Samuel,
Actually, I was being too soft. Read this good, well funded history:
I actually met Grace Hopper, the COBOL lady. When she was invited by Microfocus on the event they organised to present the COBOL compiler written in .. COBOL. which made her point about programming in general. (i can write about this, but not to the point right now)
I have a 15-years old daughter. I am teaching her programming (she is interested in math / science). She graduates also in photography and video, but wants to be an engineer. So i teach her programming. Not the usual stuff, but starting with euhh.. assembler. She liked it, but wants to move more rapidly. So i teach her C language, and she sees the relation in that ‘evolution’ of language. She plays around with Unity, making stuff with Autocad 360. Fascinating how that works. But i see this as a duty of a father to hand over his experience. But also the fear that she will invest time that will be wasted once she would eventually enter the male world of software development, and got excluded because some colleagues make it difficult to enter their world.
I have been a developer all my life. But i created also the opportunity for myself to create software companies. Some where failures, most of them successful. I hired a lot of people, most of them men. (availability, not choice) And they had a few things in common:
- writing cryptic code. The more unreadable, the better. It reinforced their status.
- Using a stack of tools / libraries to go faster. Which is good, but always ended up in focusing more on those things then the core problem, the distribution or the client.
- Trying to obtain “guru” status: the more of the above, the better, and always trying to give you the feeling that you cannot do business without them.
- Because of the short term views of management and / or investors, their salary goes up, but their productivity goes below zero.

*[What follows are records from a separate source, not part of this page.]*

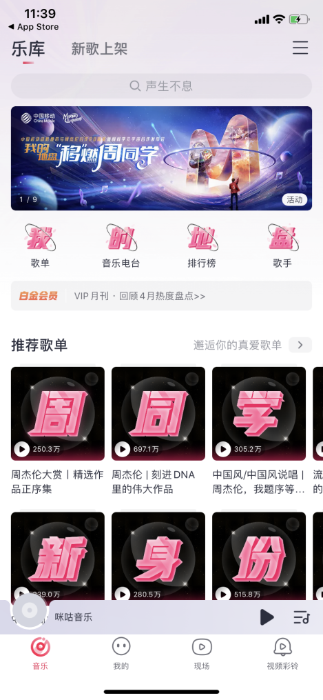 不知道是主动营销的影响还是用户自发的称呼,咪咕音乐总被戏称为“周杰伦播放器”。
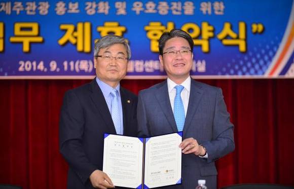 한국기자협회와 제주관광공사(사장 최갑열)는 11일 제주시 연동 제주웰컴센터에서 업무 협약식을 갖고 제주 관광 홍보와 상호 우호증진에 합의했다.
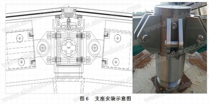 通過橫梁兩端設置兩種不同的插芯:其中一端是可固定鋁(詞條“鋁”由行業大百科提供)插芯,插芯的的另一頭連接在支座耳板的銷軸上;另外一端的插芯由兩部組成,一個是可旋轉插芯,同樣用兩顆螺栓穿過橫梁固定,一個是可固定插芯,一頭連接在支座耳板的銷軸上,另一頭插進可旋轉插芯中間,利用可旋轉插芯實現鋼結構和采光頂玻璃幕墻龍骨的轉動和伸縮。
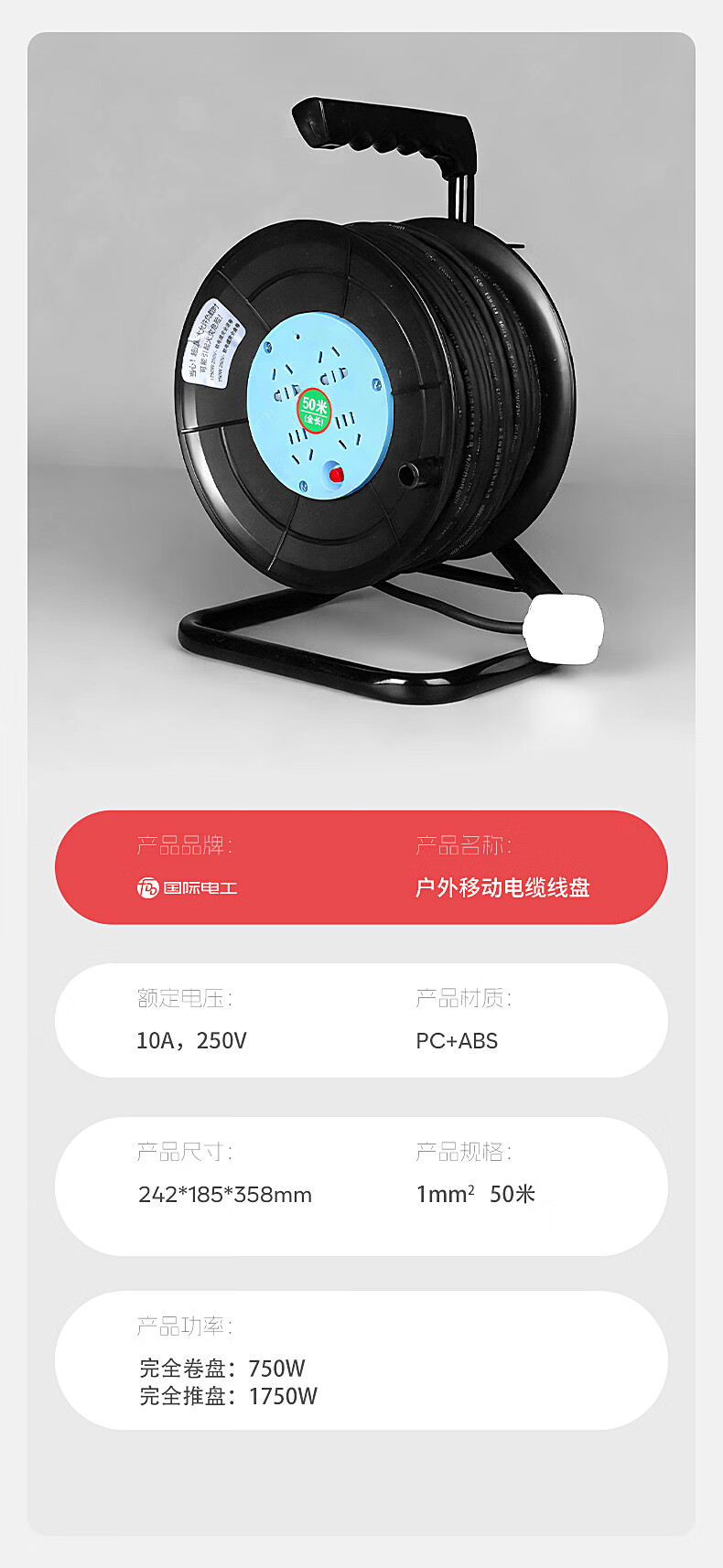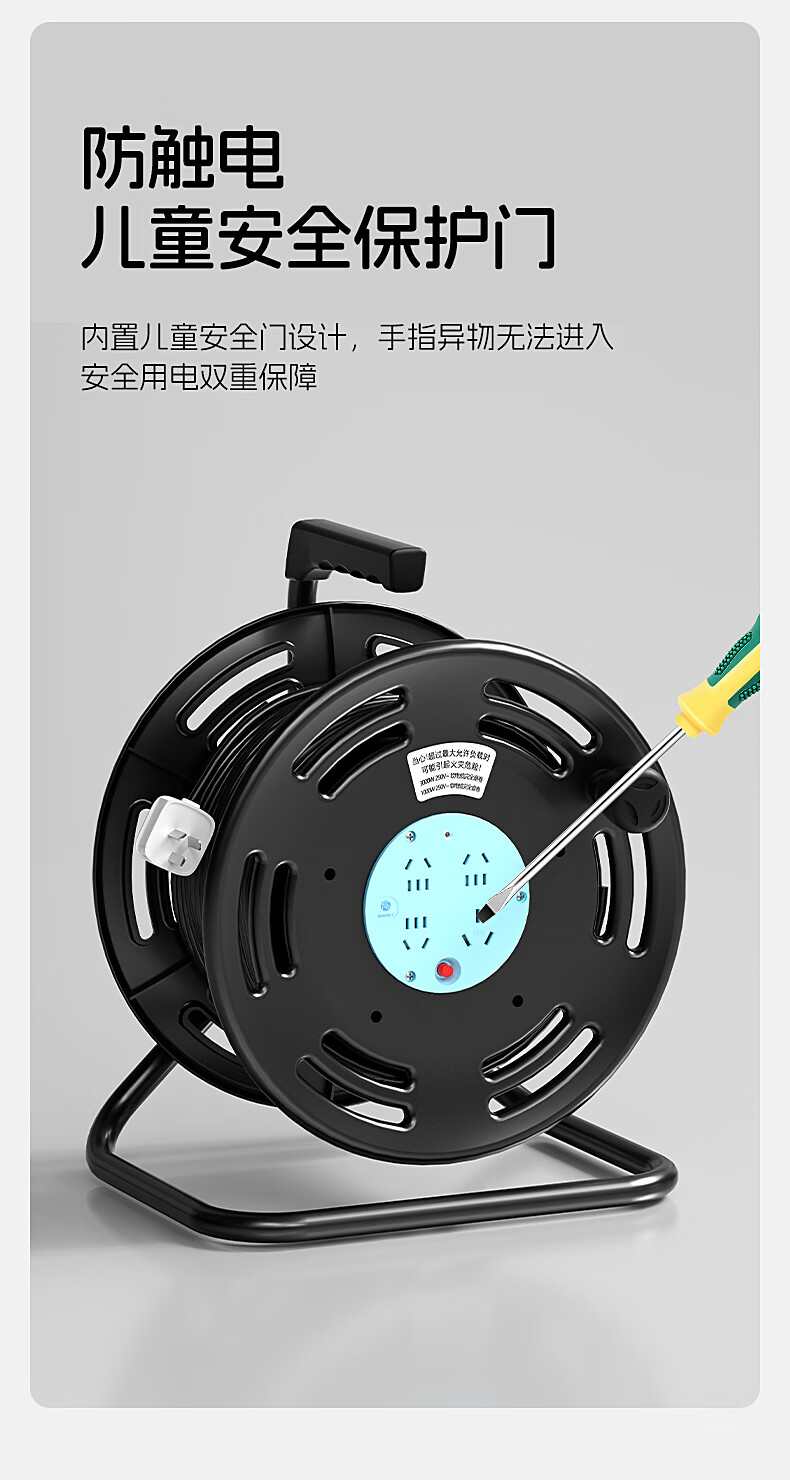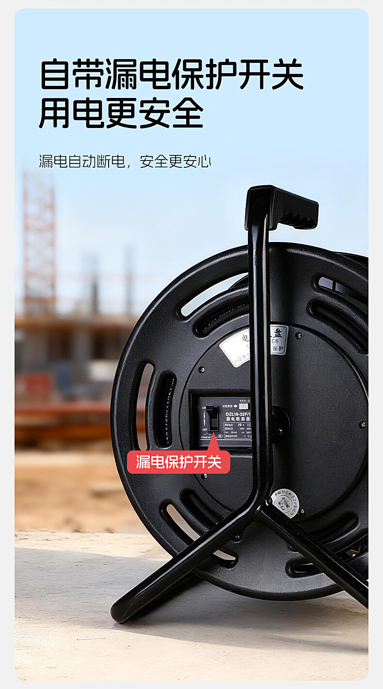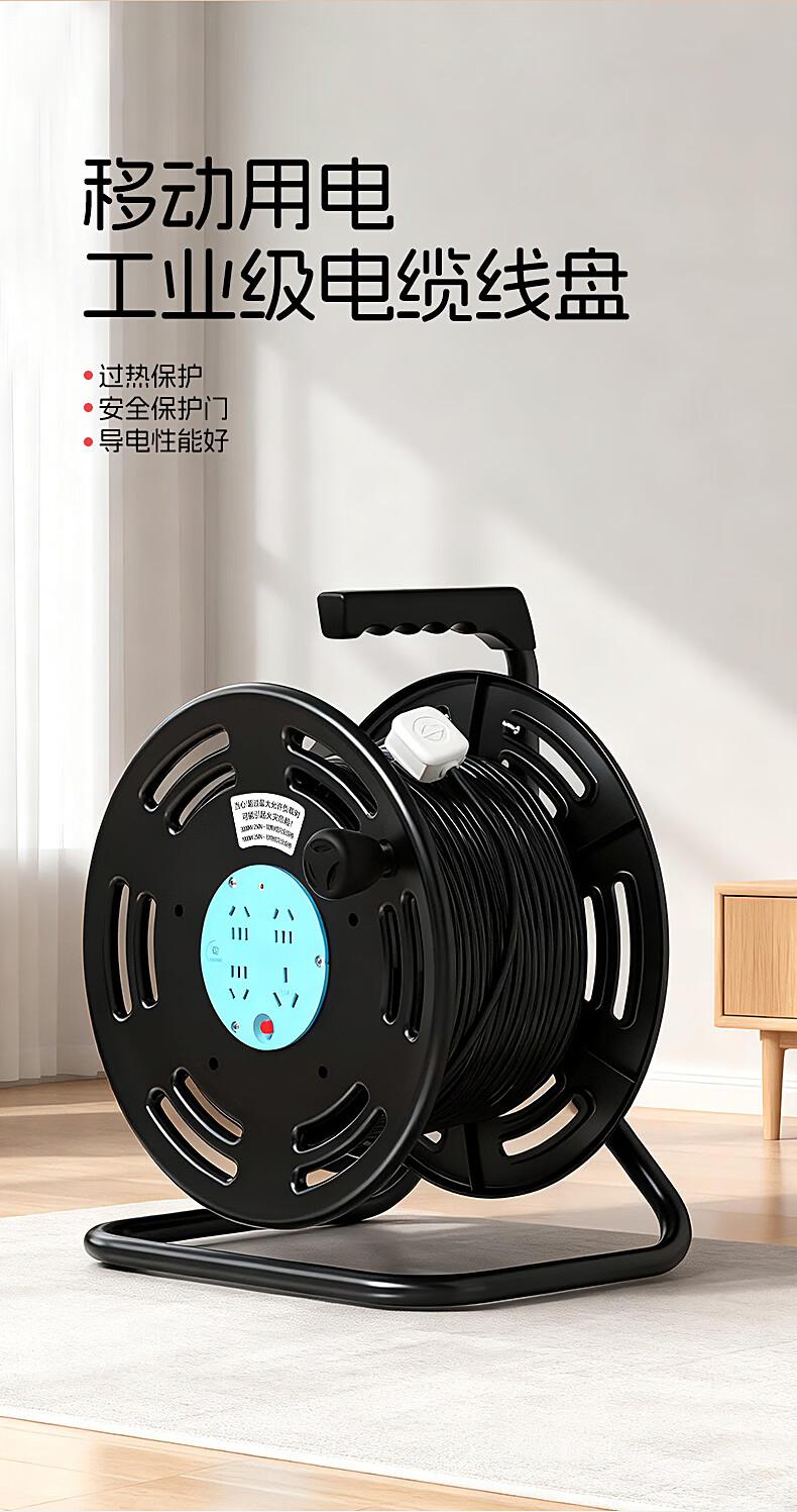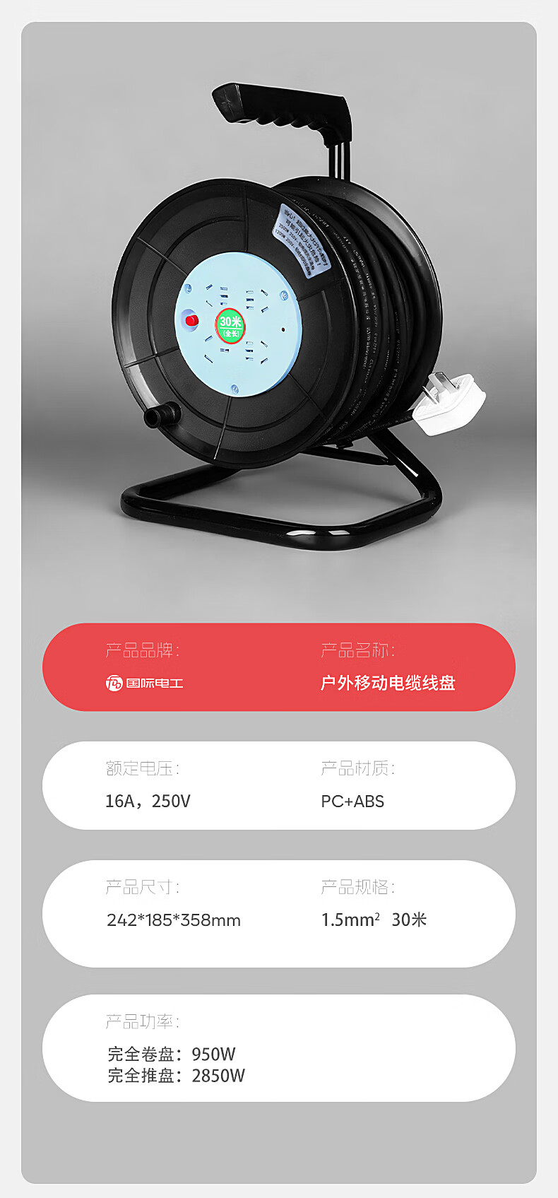 国际电工户外移动电缆卷线盘过热保护工程接线盘漏电过载保护插排卷线器 4位五孔国标插座 线盘带过载16A-3芯1.5平30米电缆线
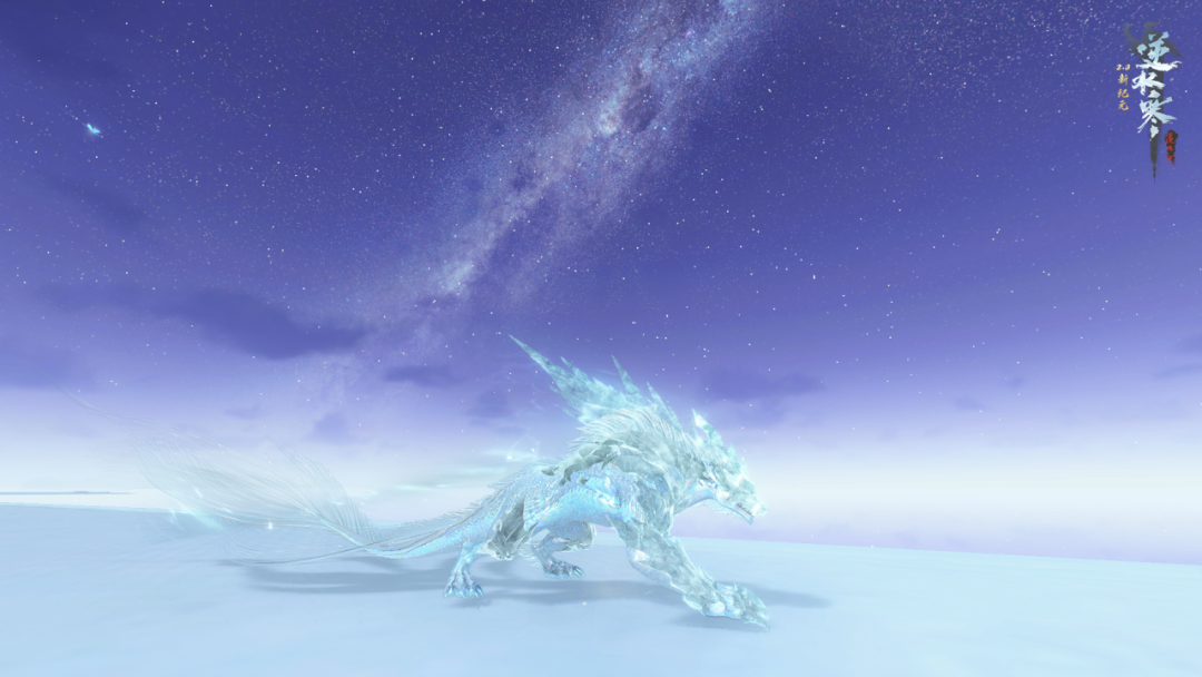 一声孤傲的狼嚎响彻山间,你悄悄探头,只见一只身覆冰晶、威猛神勇的巨狼,正是玄兽寒天!
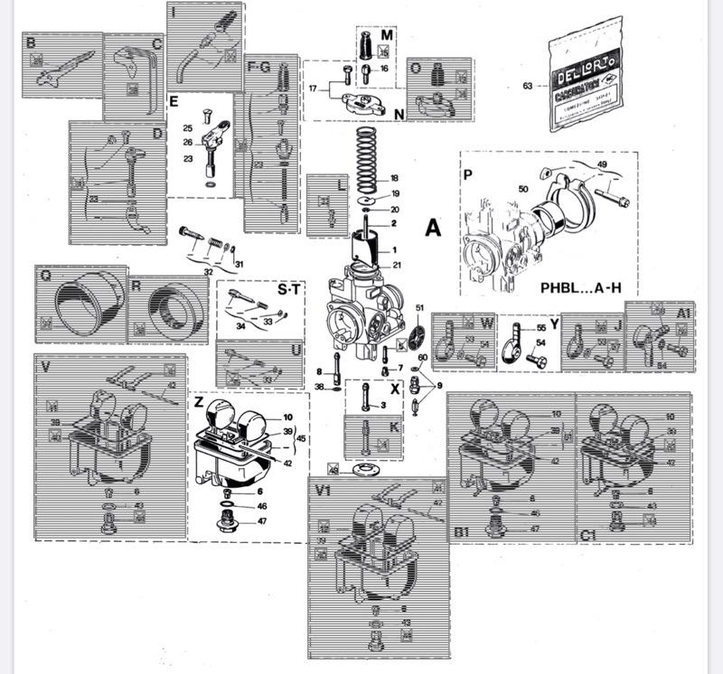 Nun habe ich wieder was dazugelernt. War mir gar nicht klar, dass es 2T- und 4T-Vergaser gibt und dummerweise habe ich einen 4T-PHBL bestellt. Von aißen sieht man das nicht und von innen muss man schon mal genauer hinschauen: Bemerkt habe ich das erst, als ich mal wieder keine vernünftige Einstellung mit dem neuen Vergaser hinbekommen habe. Nachdem alle Düsen hin und her gewechselt waren und die Nadel rauf und runter gesetzt, bin ich letztlich am Zerstäuber hängen geblieben. Den 260er hatte ich bestellt, brachte aber nichts. Aufklärung brachte das Dellorto Handbuch. Da gibt es für den 2T-Vergaser verschiedene Zerstäuber.

From this point onward, girls get excluded because they can break up the world they have build for themselves (because we let them)
- once that status reached, they maintain the status of being “unmanageable”. with a high degree of testosterone, an environment which was virtually inaccessible for women to enter (or, if you did, you get the story that you have to evaluate a piece of code to see if you can sort it out, with comments written in greek or latin)
When i could control it, those people where sacked. Because they are not economically viable. They make good impression in the short term, when products need to be released the sooner the better. In the long run, their code is useless. This industry needs a long term view. We need the women in our teams. Teams with less testosterone. With more education (the theories behind software). Frankly, this industry needs more fathers to introduce their daughters in REAL software development.